■ TASK DIRECTIONS:
Copy out the lines beginning with the one that contains "Carson Dellosa One" and ending with the last line below, exactly as they stand. Pictures are not copied.

++++ SUPPLIED INFORMATION ++++

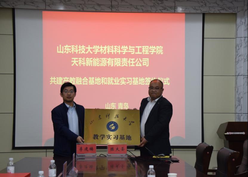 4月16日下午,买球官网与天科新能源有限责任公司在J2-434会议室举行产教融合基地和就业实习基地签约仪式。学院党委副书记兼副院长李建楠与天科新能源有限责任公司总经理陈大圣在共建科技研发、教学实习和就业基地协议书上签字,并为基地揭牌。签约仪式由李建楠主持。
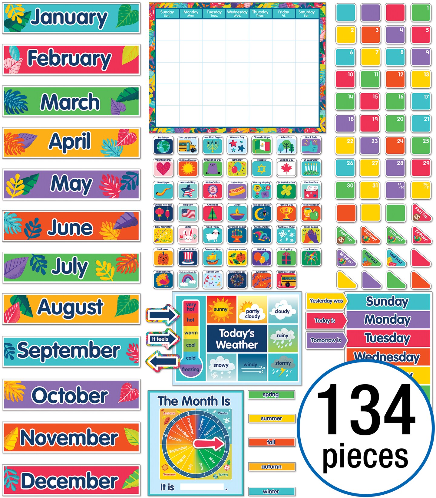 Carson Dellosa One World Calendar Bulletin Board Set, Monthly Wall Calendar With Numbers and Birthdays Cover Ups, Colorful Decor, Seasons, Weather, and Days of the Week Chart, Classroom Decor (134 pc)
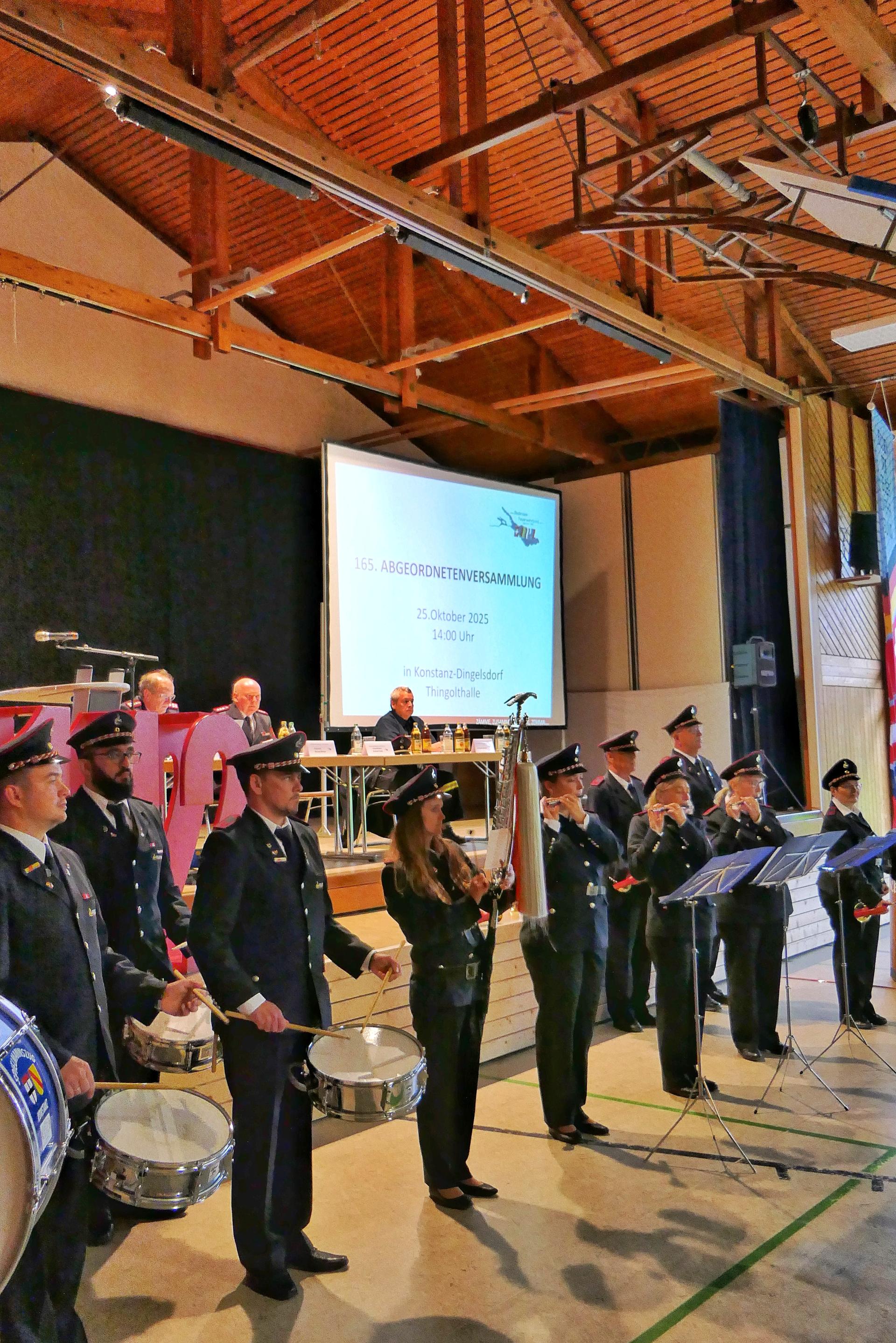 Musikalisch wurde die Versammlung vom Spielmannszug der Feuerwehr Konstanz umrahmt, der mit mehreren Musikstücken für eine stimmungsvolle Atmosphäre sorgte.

++++

■ COMPLETED TASK:
 Carson Dellosa One World Calendar Bulletin Board Set, Monthly Wall Calendar With Numbers and Birthdays Cover Ups, Colorful Decor, Seasons, Weather, and Days of the Week Chart, Classroom Decor (134 pc)
 Musikalisch wurde die Versammlung vom Spielmannszug der Feuerwehr Konstanz umrahmt, der mit mehreren Musikstücken für eine stimmungsvolle Atmosphäre sorgte.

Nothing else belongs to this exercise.